= Task to complete =
Return, exactly as written, the line containing "With its fitted" and every line after it to the end of the records below, with no pictures.

Items listed in a dataset:
____

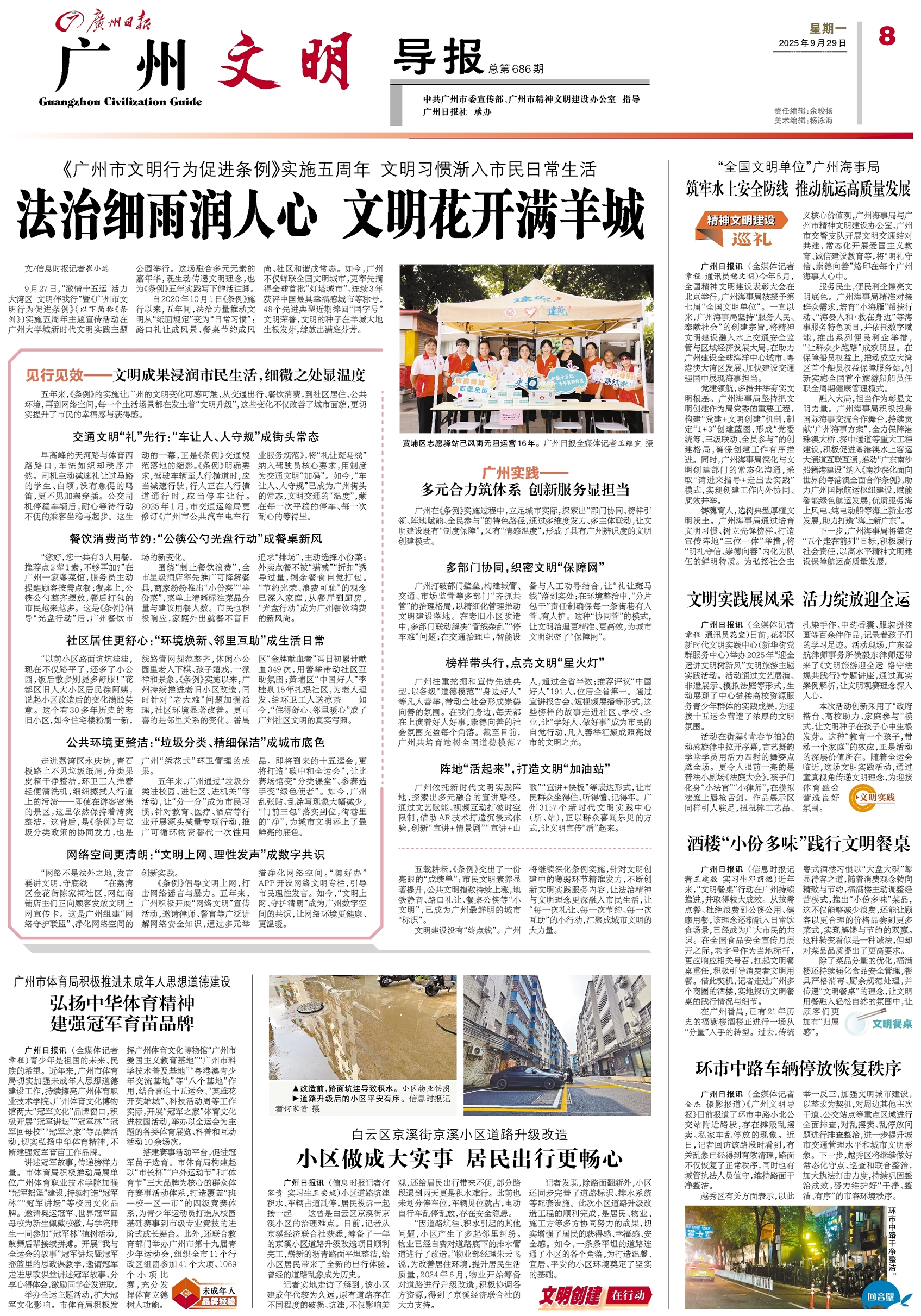 - 法治细雨润人心 文明花开满羊城 文/信息时报记者崔小远 9月27日,“激情十五运 活力大湾区 文明伴我行”暨《广州市文明行为促进条例》(以下简称《条例》)实施五周年主题宣传活动在广州大学城新时代文明实践主题公园举行。这场融合
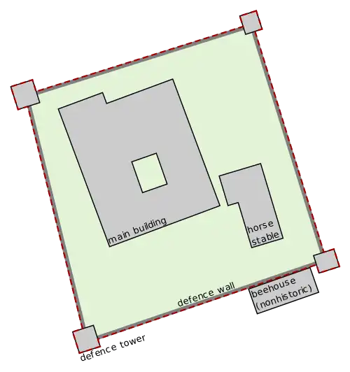 fosę. Park na terenie posiadłości prawdopodobnie nie powinien być uwzględniony, obszary ogrodów wymagają dyskusji.
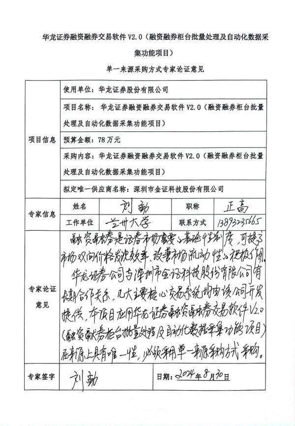 (二)項(xiàng)目名稱:華龍證券融資融券交易軟件V2.0(融資融券柜臺(tái)批量處理及自動(dòng)化數(shù)據(jù)采集功能項(xiàng)目)
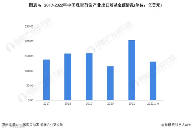2017-2021年,中国珠宝首饰产业相关产品出口金额呈波动态势,2021年,中国珠宝首饰产业相关产品出口贸易金额超200亿美元,同比增长75%以上。2022年1-9月,中国珠宝首饰产业出口贸易金额将近135亿美元。
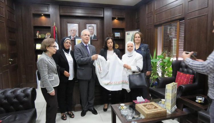بمناسبة اليوم الوطني للمرأة الفلسطينية قام وفد نسائي ممثلاً بأخوات عن اتحاد المرأة ومنظمات نسائية بزيارة إلى سعادة السفير الدكتور سمير الرفاعي في مقر السفارة صباح اليوم. حيث تقدم سعادته بأحر التهاني بهذا اليوم مؤكداً على فخرنا بدور المرأة الفلسطينية الرائد في مسيرة النضال الوطني الفلسطيني وفي كافة مناحي الحياة.
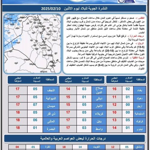 أعلنت هيئة الأنواء الجوية، حالة طقس العراق خلال الأيام المقبلة، فيما أشارت إلى أمطار وثلوج متفرقة وارتفاع درجات الحرارة.
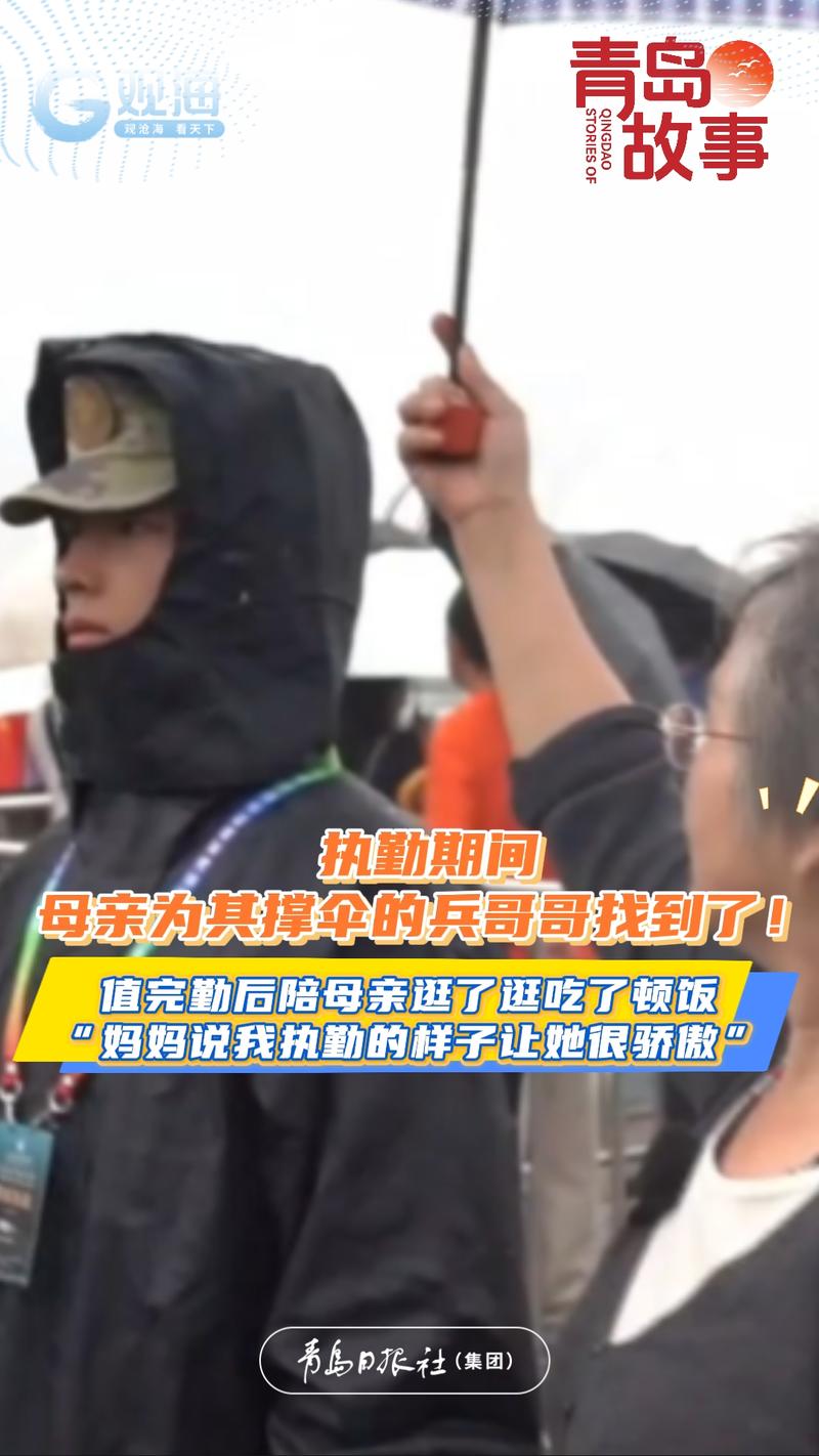 执勤期间母亲为其撑伞的兵哥哥找到啦!值完勤后陪母亲逛了逛吃了顿饭,“妈妈说我执勤的样子让她很骄傲”
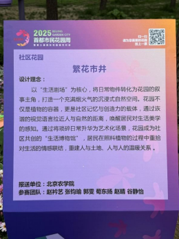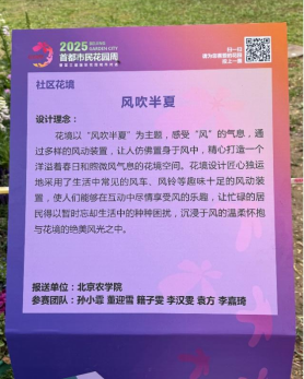 由北京农学院马晓燕、冯丽教师团队带领学生们完成的“风吹半夏”“繁花市井”两组作品以独特的设计理念在众多设计作品中脱颖而出,顺利入选社区花园(花镜)展赛并完成搭建。作品紧扣社区生活与自然主题,极具感染力,赢得市民的广泛喜爱与高度赞扬。
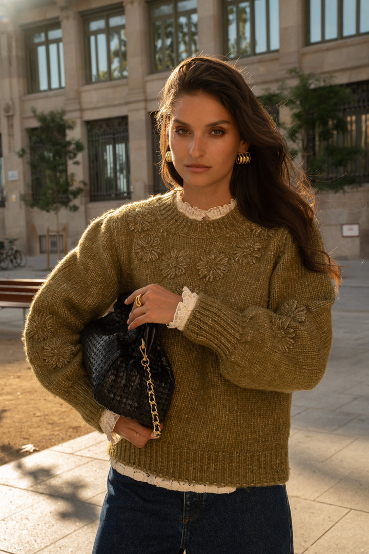 With its fitted cut and round neckline, it offers a modern and casual look. Its slightly puffed sleeves, marked by gathers at the shoulder and tightened at the wrists, create a subtle volume. Fine floral embroidery on the front and sleeves adds an ultimate poetic and feminine touch to this sweater.
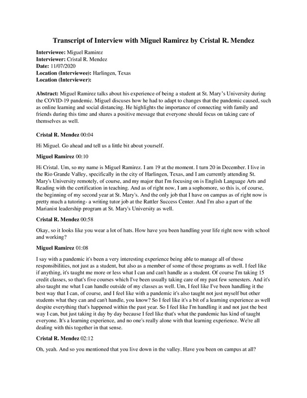 Miguel Ramirez, a St. Mary's University student, shares his remote learning experiences.
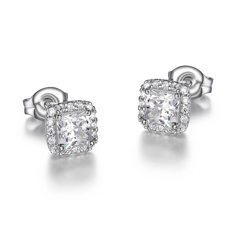 These earrings feature a striking square halo design, with a central stone surrounded by a ring of smaller stones that enhance its brilliance. The geometric shape adds a modern twist to the classic halo style, making these earrings a bold and elegant choice.
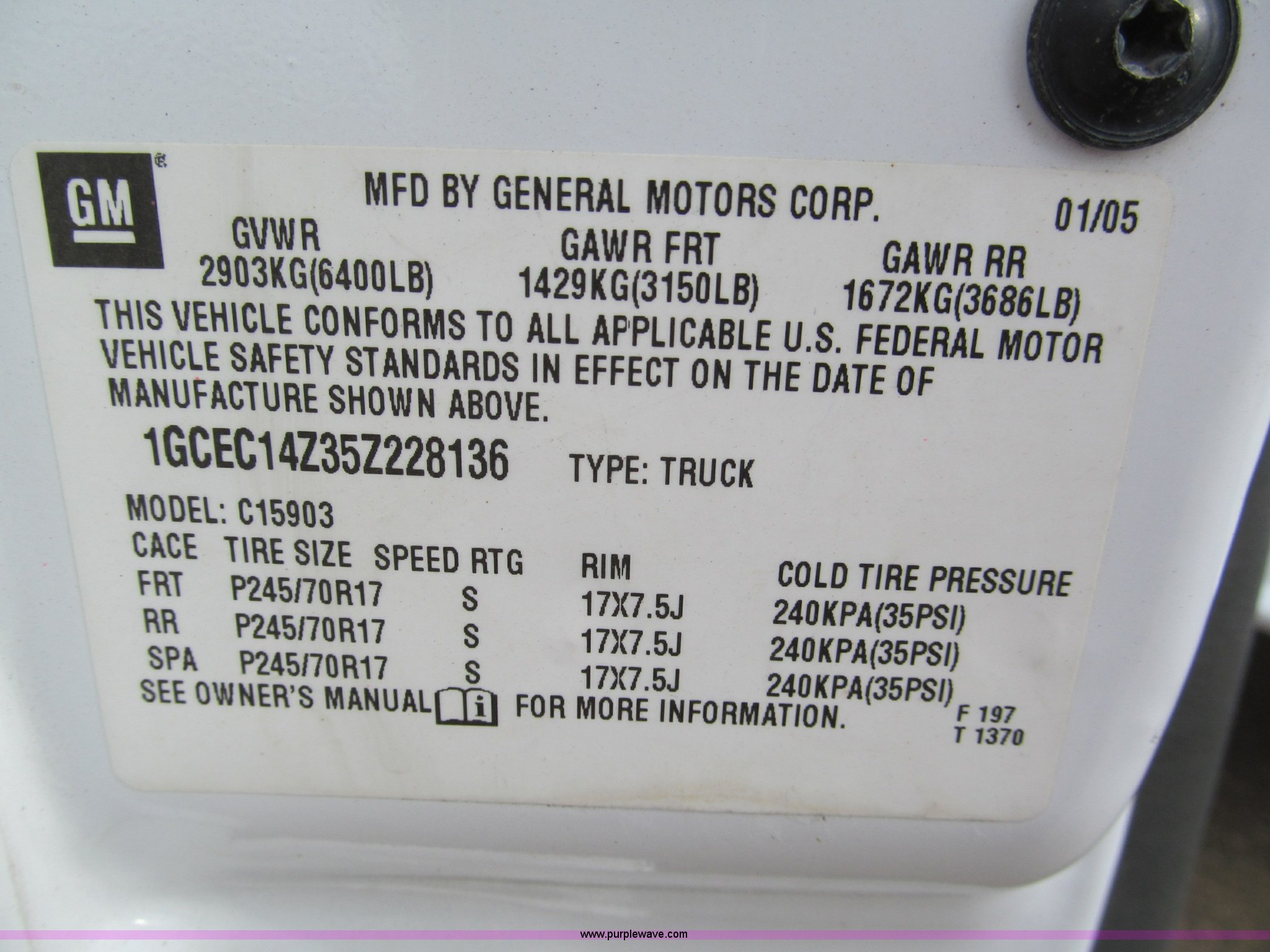 2005 Chevrolet Silverado 1500 pickup truck. 199,400 actual miles, 5.3L V8 SFI gas engine, Automatic transmission, AC and heat, Tilt, AM/FM, Manual windows and locks, Cloth interior, Rubber floor, Spray-in bed liner, Amber beacon light, Receiver hitch, Trailer wiring, 245/70R17 tires, CB radio will be removed, Unit# B-5831. 1GCEC14Z35Z228136. Shipping quotes available. Missouri Department of Transportation (MODOT). 600 North East. Lee's Summit, MO 64086

____

= Expected answer =
 With its fitted cut and round neckline, it offers a modern and casual look. Its slightly puffed sleeves, marked by gathers at the shoulder and tightened at the wrists, create a subtle volume. Fine floral embroidery on the front and sleeves adds an ultimate poetic and feminine touch to this sweater.
 Miguel Ramirez, a St. Mary's University student, shares his remote learning experiences.
 These earrings feature a striking square halo design, with a central stone surrounded by a ring of smaller stones that enhance its brilliance. The geometric shape adds a modern twist to the classic halo style, making these earrings a bold and elegant choice.
 2005 Chevrolet Silverado 1500 pickup truck. 199,400 actual miles, 5.3L V8 SFI gas engine, Automatic transmission, AC and heat, Tilt, AM/FM, Manual windows and locks, Cloth interior, Rubber floor, Spray-in bed liner, Amber beacon light, Receiver hitch, Trailer wiring, 245/70R17 tires, CB radio will be removed, Unit# B-5831. 1GCEC14Z35Z228136. Shipping quotes available. Missouri Department of Transportation (MODOT). 600 North East. Lee's Summit, MO 64086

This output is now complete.